Da mittlerweile rund 600 Millionen Menschen in der ganzen Welt die süße Brause trinken, kann von einem Nischenprodukt keine Rede mehr sein. So landete Red Bull wohl zwangsläufig beim Fußball. Kurz nach seinem Engagement in der Formel-1 kaufte Red Bull deshalb den heimischen Fußballklub Austria Salzburg. Damit zog er zum ersten Mal hörbare Kritik auf sich. Erstens greift der Bonus des Underdogs bei einer Firma dieser Größe und mit diesen finanziellen Mitteln nicht mehr und zweitens zeigte sich, dass Mateschitz nicht zimperlich ist, wenn er sich etwas in den Kopf gesetzt hat. Er pumpte zwar 30 Millionen Euro in den maroden Club und holte mit Giovanni Trapattoni einen Trainer von Weltruf, um Salzburg mittelfristig in die europäische Spitze zu führen. Doch um die Tradition kümmerte er sich nicht. Mateschitz verhehlt nicht: "Es war eine reine Marketingentscheidung." Und das Erreichen des Europacups wäre eben eine größere Werbeplattform, als nur im nationalen Wettbewerb zu spielen.

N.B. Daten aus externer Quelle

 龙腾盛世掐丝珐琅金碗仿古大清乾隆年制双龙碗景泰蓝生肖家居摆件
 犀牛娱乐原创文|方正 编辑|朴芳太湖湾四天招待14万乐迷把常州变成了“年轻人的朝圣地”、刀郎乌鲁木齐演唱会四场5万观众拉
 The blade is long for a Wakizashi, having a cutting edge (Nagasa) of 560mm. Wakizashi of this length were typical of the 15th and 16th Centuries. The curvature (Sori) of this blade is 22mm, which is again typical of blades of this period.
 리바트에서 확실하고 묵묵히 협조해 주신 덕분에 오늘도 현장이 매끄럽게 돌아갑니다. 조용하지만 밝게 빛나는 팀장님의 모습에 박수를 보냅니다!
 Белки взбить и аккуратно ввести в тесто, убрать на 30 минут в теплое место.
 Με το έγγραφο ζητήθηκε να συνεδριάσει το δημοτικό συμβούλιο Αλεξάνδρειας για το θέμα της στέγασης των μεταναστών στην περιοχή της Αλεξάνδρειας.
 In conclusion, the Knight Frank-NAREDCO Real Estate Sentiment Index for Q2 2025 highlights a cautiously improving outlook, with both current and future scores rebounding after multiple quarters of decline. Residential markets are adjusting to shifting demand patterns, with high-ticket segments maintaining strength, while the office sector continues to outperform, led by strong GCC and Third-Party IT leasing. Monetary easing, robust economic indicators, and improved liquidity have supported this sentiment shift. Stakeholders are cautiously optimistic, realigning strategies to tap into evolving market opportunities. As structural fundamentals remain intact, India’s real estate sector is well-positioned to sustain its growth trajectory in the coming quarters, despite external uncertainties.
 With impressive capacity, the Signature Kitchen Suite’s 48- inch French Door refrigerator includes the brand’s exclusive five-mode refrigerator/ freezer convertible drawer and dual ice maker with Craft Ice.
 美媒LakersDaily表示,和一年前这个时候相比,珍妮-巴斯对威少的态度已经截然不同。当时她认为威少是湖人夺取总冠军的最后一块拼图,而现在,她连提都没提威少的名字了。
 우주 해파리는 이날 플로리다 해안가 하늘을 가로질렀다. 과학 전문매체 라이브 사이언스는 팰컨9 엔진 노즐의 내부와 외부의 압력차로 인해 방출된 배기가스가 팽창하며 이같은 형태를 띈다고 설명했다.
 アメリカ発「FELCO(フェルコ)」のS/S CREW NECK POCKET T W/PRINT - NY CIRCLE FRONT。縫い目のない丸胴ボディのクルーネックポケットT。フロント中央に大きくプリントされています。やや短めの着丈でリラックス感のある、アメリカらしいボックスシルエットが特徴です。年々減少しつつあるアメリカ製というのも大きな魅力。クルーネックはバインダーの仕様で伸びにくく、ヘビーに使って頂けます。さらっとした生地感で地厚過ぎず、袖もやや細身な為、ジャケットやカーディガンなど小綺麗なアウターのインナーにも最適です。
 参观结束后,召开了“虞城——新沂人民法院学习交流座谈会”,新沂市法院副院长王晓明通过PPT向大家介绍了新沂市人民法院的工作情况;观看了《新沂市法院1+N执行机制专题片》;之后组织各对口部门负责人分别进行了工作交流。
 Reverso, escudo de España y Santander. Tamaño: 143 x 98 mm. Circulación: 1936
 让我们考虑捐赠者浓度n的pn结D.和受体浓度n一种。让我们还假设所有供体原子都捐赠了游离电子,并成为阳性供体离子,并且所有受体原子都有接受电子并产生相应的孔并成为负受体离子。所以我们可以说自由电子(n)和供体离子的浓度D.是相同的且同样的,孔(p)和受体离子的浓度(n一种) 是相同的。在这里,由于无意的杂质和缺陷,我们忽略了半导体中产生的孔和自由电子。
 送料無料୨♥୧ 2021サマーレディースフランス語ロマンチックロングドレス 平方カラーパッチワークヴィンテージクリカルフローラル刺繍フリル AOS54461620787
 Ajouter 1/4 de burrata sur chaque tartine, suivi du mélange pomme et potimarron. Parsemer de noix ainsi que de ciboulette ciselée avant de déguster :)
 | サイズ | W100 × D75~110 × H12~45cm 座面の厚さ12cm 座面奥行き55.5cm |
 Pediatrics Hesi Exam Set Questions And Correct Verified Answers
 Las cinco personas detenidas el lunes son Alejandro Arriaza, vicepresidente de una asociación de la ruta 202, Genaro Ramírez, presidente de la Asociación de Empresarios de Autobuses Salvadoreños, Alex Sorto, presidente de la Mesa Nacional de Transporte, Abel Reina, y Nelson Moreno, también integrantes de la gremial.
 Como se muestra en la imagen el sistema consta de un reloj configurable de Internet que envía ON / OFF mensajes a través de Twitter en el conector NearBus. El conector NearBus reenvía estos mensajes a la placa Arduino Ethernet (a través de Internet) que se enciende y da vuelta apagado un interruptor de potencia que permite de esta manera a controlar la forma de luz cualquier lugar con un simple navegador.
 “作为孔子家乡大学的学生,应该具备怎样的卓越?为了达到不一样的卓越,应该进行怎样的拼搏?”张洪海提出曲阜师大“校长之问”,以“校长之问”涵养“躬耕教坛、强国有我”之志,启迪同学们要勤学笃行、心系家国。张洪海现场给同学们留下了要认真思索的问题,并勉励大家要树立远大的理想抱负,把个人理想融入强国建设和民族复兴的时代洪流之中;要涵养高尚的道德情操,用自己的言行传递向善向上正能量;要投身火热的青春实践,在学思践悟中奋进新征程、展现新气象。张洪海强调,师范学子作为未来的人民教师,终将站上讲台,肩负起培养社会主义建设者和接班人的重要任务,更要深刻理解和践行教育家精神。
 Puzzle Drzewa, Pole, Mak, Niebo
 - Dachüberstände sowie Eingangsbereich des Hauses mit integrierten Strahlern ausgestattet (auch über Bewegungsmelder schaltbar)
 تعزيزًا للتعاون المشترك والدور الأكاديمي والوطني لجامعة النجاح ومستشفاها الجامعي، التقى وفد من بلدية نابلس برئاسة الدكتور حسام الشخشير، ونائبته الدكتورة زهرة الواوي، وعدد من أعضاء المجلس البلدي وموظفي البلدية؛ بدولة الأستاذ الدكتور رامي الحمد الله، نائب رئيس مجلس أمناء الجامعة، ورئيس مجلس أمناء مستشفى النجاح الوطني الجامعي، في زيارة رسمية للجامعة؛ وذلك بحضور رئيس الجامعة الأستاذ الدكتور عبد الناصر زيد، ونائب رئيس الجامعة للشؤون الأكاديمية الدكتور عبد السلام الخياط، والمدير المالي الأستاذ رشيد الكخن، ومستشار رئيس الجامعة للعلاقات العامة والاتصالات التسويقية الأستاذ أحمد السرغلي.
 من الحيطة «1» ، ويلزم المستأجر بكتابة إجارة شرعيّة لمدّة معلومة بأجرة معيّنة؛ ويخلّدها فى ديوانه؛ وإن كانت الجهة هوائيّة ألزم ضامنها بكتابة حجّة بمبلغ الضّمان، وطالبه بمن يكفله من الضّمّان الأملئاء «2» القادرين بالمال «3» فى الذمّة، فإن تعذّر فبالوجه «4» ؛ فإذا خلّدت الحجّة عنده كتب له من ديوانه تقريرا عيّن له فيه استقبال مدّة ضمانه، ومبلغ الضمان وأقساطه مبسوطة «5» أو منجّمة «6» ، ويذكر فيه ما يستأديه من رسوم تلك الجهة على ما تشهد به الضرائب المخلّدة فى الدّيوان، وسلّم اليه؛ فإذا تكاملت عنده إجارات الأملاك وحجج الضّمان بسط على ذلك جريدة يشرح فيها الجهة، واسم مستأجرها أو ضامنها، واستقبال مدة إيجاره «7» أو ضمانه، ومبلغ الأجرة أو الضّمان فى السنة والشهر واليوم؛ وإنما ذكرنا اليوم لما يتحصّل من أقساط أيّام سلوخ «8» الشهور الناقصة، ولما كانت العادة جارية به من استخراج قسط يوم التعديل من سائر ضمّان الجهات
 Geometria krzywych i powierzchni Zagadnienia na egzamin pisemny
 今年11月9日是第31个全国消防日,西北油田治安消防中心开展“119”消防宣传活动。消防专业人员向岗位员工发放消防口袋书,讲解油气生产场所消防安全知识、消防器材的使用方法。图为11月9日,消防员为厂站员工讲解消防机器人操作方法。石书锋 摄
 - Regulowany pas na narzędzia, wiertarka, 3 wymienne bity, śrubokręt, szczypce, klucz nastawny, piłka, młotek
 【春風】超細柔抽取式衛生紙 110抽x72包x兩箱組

Die traditionellen Vereinsfarben Violett-Weiß wurden gegen Rot-Weiß ausgetauscht, vor den Tribünen des neu renovierten Stadions hüpften Studenten in Stierkostümen. Stehplätze gab es keine mehr. Zahlreiche alte Austria-Fans erkannten den neuen Verein nicht wieder und traten aus. Mateschitz sagt dazu, dass es um ein paar Bierdosen werfende Fans nicht schade sei. Nach außen hin kann er hart sein.

Nach innen aber ist er seinem selbst ernannten "Baby" Red Bull ein guter Vater, wie man im Unternehmen erzählt. Roland Concin, langjähriger Produktionschef, sagt, dass es Mateschitz noch immer persönlich zu schaffen mache, irgendjemanden zu entlassen. Dass er jedem nicht nur eine zweite, sondern auch eine dritte Chance gebe. Und dass der Erfolg eines Unternehmens immer von einer Person abhinge, die es schafft, um sich selbst eine Aura aufzubauen. Mateschitz könne das, weil er begeistern könne und zu dem stünde, was er sagt.

Mateschitz bedankt sich herzlich für das Gespräch, springt auf und klatscht in die Hände. Dann lacht er ein breites Lachen und fragt die Assistentin: "Tina, was steht als Nächstes an?"